Signal K Server WebSocket Enumeration and Unauthenticated Token Theft Vulnerability

A vulnerability in Signal K Server versions prior to 2.19.0 allows for the theft of JWT authentication tokens without any prior authentication. This is achieved by chaining two exposed features: WebSocket-based request enumeration and unauthenticated polling of access request status. When a WebSocket client connects to the Signal K stream endpoint with the 'serverevents=all' query parameter, the server broadcasts all cached server events, including 'ACCESS_REQUEST' events. These events contain details about pending access requests, such as request IDs, client identifiers, requested permissions, and IP addresses, without verifying authorization. Additionally, the access request status endpoint at '/signalk/v1/access/requests/:id' returns the full state of an access request without authentication. When an administrator approves a request, the response includes the JWT token in plaintext. This vulnerability allows attackers to either create and poll their own access requests or hijack tokens from legitimate devices by monitoring the WebSocket stream.

Impact

Exploitation of this vulnerability allows attackers to obtain JWT tokens issued by the server without authentication, bypassing authentication entirely.
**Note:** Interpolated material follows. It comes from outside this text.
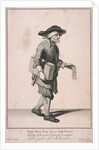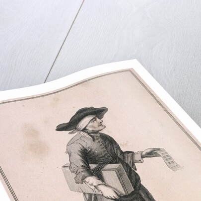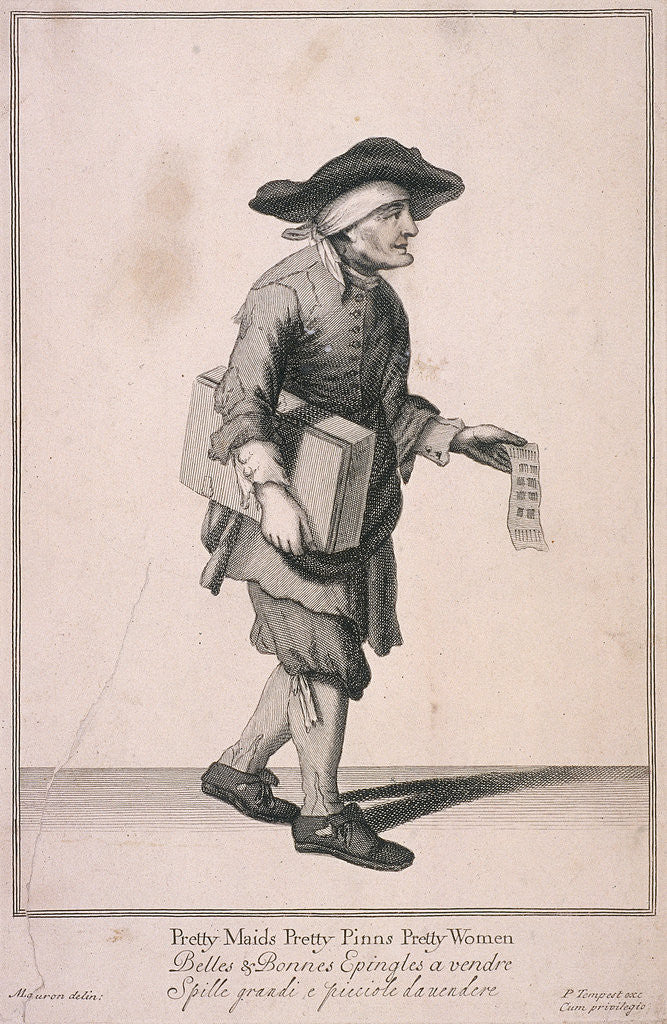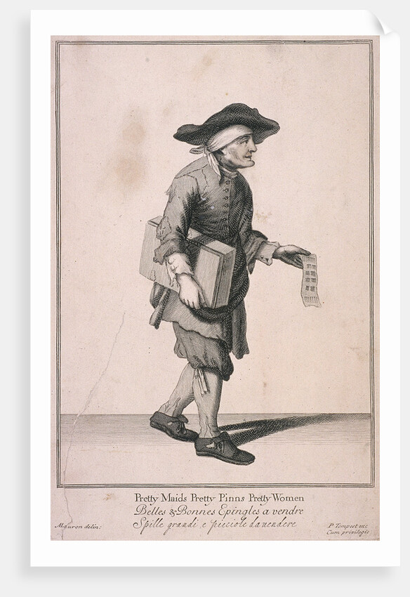'Pretty Maids Pretty Pinns Pretty Women'. A street seller, carrying a box under his arm. From Cries of London, (c1688?).

This could lead to unauthorized access to protected resources and functionalities, including administrative privileges, depending on the stolen token's associated rights.

Reproduction

To reproduce this vulnerability, connect to the Signal K WebSocket stream endpoint with the 'serverevents=all' query parameter. This will trigger the server to send all cached events, including 'ACCESS_REQUEST' details. Once an access request ID is obtained, poll the '/signalk/v1/access/requests/:id' endpoint to retrieve the JWT token when the request is approved by an administrator.

Remediation

Users are advised to update Signal K Server to version 2.19.0 or later, where this vulnerability has been fixed.